A coalition of 13 leading gambling operators in the Swedish market has taken a unified stand against a controversial tax proposal put forward by horse racing operator ATG.
In a collective letter issued by the trade association Branschföreningen för Onlinespel (BOS), executives including Stella David of Entain, Pontus Lindwall of Betsson Group, and Per Widerström of evoke urged the government to reject ATG’s call for a restructuring of the national gambling tax framework.
The conflict stems from ATG’s lobbying efforts to reduce the tax on horse racing betting to 18 percent, a move the operator suggests offsetting by raising the general gambling tax, which applies to online casinos, to 26 percent. ATG’s argument rests on the premise that online casino products carry higher risks and that revenue from horse betting is vital for funding the equestrian sector.
However, the BOS coalition warns that such a shift could have severe consequences for market stability and consumer safety.

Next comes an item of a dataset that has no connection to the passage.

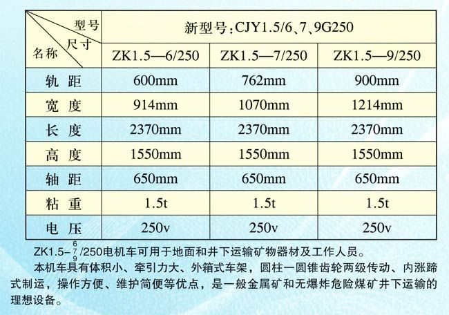 原型號(hào)ZK3-6、7、9/250-2型電機(jī)車(chē)主要技術(shù)參數(shù)

The core of their argument revolves around “channelization”—the rate at which players choose licensed, regulated operators over unlicensed offshore sites. Gustaf Hoffstedt, Secretary General of BOS, highlighted the disparity in current channelization rates between the two verticals. “Horse betting has a channelisation rate of between 98-99 per cent,” Hoffstedt noted, whereas “online casino, according to the most optimistic estimates, has a channelisation rate of between 72-82 per cent.”
The fear is that increasing the tax burden on the already struggling online casino sector will only drive more players to the black market. “The higher the tax, the greater the risk that the consumer will choose unlicensed gambling, where neither gambling tax nor consumer protection exists,” Hoffstedt explained. He described the logic of lowering taxes for a high-channelization sector while raising them for a low-channelization one as “completely incomprehensible,” particularly “for those who prioritize consumer protection.”
The letter also pointed out that the industry is already grappling with a recent tax hike from 18 to 22 percent. Furthermore, BOS reminded stakeholders that ATG has already benefited significantly from past reforms. “It can be recalled in this context that until the reregulation of the gambling market in 2019, ATG paid 35 per cent tax on its gambling surplus,” Hoffstedt stated, adding that the company has “therefore de facto already received a significant tax reduction with the reform.”